What is required:
Please make an exact copy of the lines from the one holding "Zwei Frauen sitzen" through the end of the data, both ends included, with no pictures.

Dataset content:
---------------

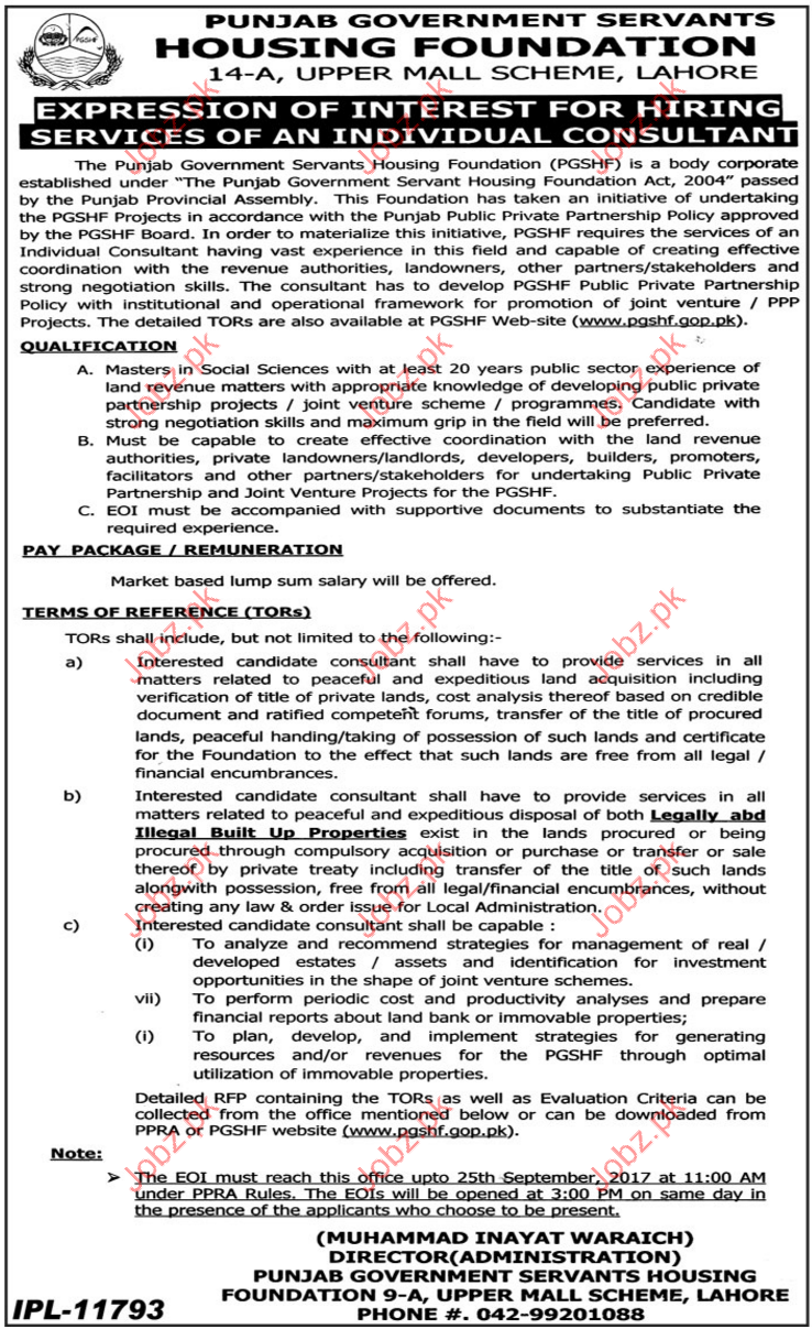 Punjab Government Servants Housing Foundation PGSHF Jobs
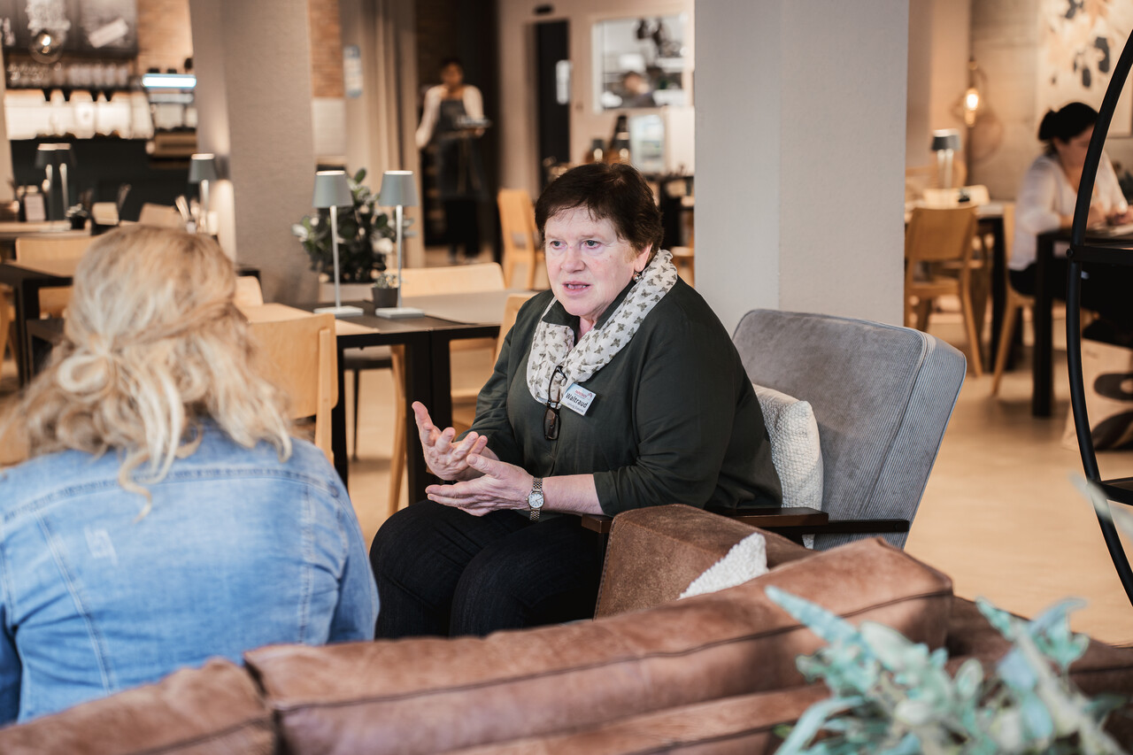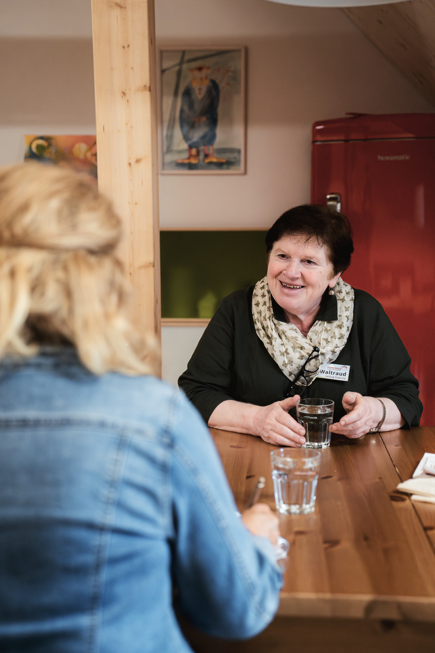 Zwei Frauen sitzen an einem Tisch im öffentlichen Bistro des Papierhofs und lernen Deutsch. Eine Mutter mit zwei Kindern kommt auf einen Kaffee vorbei. Diakonin Waltraud Eggenberger und ihr Team begrüssen Gäste und setzen sich mit einem offenen Ohr für die Sorgen der Menschen mitten in den modern eingerichteten Raum. «Seit wir hier sind, kommen viel mehr Menschen gezielt bei mir vorbei und fragen um Hilfe», erzählt sie.
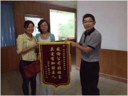 近日,長(zhǎng)期患有尿毒癥的后勤部員工張亦斌的愛(ài)人陳嬌為我司送來(lái)了一面題為“感謝公司好領(lǐng)導(dǎo),關(guān)愛(ài)有加勝親人”的錦旗,以此感謝這些年公司對(duì)她家庭予以的幫助。
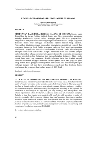 Abdul Azis Rohman Hakim, AARH (2014) PEMBUATAN BASIS DATA IRADIASI SAMPEL DI RSG-GAS. Buletin "Reaktor". pp. 42-55. ISSN ISSN: 0216-2695

---------------

Expected answer:
 Zwei Frauen sitzen an einem Tisch im öffentlichen Bistro des Papierhofs und lernen Deutsch. Eine Mutter mit zwei Kindern kommt auf einen Kaffee vorbei. Diakonin Waltraud Eggenberger und ihr Team begrüssen Gäste und setzen sich mit einem offenen Ohr für die Sorgen der Menschen mitten in den modern eingerichteten Raum. «Seit wir hier sind, kommen viel mehr Menschen gezielt bei mir vorbei und fragen um Hilfe», erzählt sie.
 近日,長(zhǎng)期患有尿毒癥的后勤部員工張亦斌的愛(ài)人陳嬌為我司送來(lái)了一面題為“感謝公司好領(lǐng)導(dǎo),關(guān)愛(ài)有加勝親人”的錦旗,以此感謝這些年公司對(duì)她家庭予以的幫助。
 Abdul Azis Rohman Hakim, AARH (2014) PEMBUATAN BASIS DATA IRADIASI SAMPEL DI RSG-GAS. Buletin "Reaktor". pp. 42-55. ISSN ISSN: 0216-2695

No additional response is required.